Any info on this? Doesn't sound good.

Jody


----------



## HKS20DET (Nov 8, 2002)

not trying to hijack the thread but... are all you guys running stock axles???? im building a BBDET with either an incon bb37, t3/t04e or HKSgt3037, and the toughness of the axles is my main concern at this point. if i need aftermarket axles... where do i go?you guys are the people ive been looking for all this time? thanks and sorry for the topic change


----------



## 1fastser (Sep 30, 2002)

You should be more worried about 3rd gear.


----------



## AZ_TURBOSE (Oct 22, 2002)

I have run nothing but stock axles.
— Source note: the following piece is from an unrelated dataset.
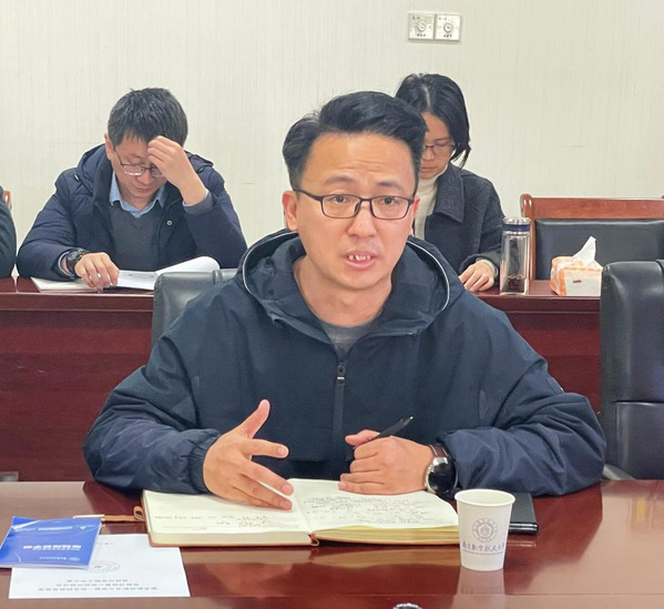 魏佳丹就新学期本科教学重点工作与各基层教学主任们展开讨论,对创新实践投入、培养方案制定、教学成果培育、迎评促建等工作进行了详细部署。各基层教学主任表示将全力配合、认真准备,做好本次本科教育教学审核评估工作,并以评估为契机,持续整改迎评工作中发现的问题,推动课堂教学和教学管理规范建设,促进本科教育教学改革。

No problems yet.


----------



## Guest (Jan 31, 2003)

i bought the drive shaft shop st 3 axles/hubs for use w/ my Incon, but that was because i've had axle troubles w/ just my T25


----------



## 1fastser (Sep 30, 2002)

*Back to clutches...*



1fastser said:


> *Would the HD pressure plate combined with the ACT 6-puck hold 450 HP? I expect to be in the low 400HP range and I already have an ACT HD and SS disc from my previous setup.
> 
> I talked with Clutchnet about the fiber/kevlar disc in conjunction with the ACT HD pressure plate and they said, "Fiber disc will work, but you'd need to cut certain thickness from the ring
> of the pressure plate."
> ...


? Jody


----------



## P11GT (Aug 3, 2002)

is 3rg gear the most common? ive heard of an incident with a GTiR transplant with a SR20 gearbox and that was also 3rd gear.


----------



## 1fastser (Sep 30, 2002)

Yes, it's common.


----------



## 1fastser (Sep 30, 2002)

*back to clutches...*



1fastser said:


> *Would the HD pressure plate combined with the ACT 6-puck hold 450 HP? I expect to be in the low 400HP range and I already have an ACT HD and SS disc from my previous setup.
> 
> I talked with Clutchnet about the fiber/kevlar disc in conjunction with the ACT HD pressure plate and they said, "Fiber disc will work, but you'd need to cut certain thickness from the ring of the pressure plate."
> 
> ...


Also, I didn't notice a 6-puck with *sprung hub* on the ACT website, do they make one...where did I see this, AdvancedClutch?

Thanks for the info...Jody


----------



## SuckiT (Jun 13, 2002)

P11GT said:


> *is 3rg gear the most common? ive heard of an incident with a GTiR transplant with a SR20 gearbox and that was also 3rd gear. *


Are you talking about taking a 3rdgear from a Gti-r tranny and putting into a fwd version?


----------



## HKS20DET (Nov 8, 2002)

ITR_KILLR said:


> *i bought the drive shaft shop st 3 axles/hubs for use w/ my Incon, but that was because i've had axle troubles w/ just my T25 *


i think i have decided on the INCON BB37 turbo from JGY. is it worth the $1600? ive been waiting for someone to get on this forum that actually has experienced one.


----------



## 1fastser (Sep 30, 2002)

*stick to the thread please...*

Suckit, I believe he's talking about a GTi-R motor swap using an FWD SR tranny.

Anyone have info related to the thread or the question I posted?

Jody


----------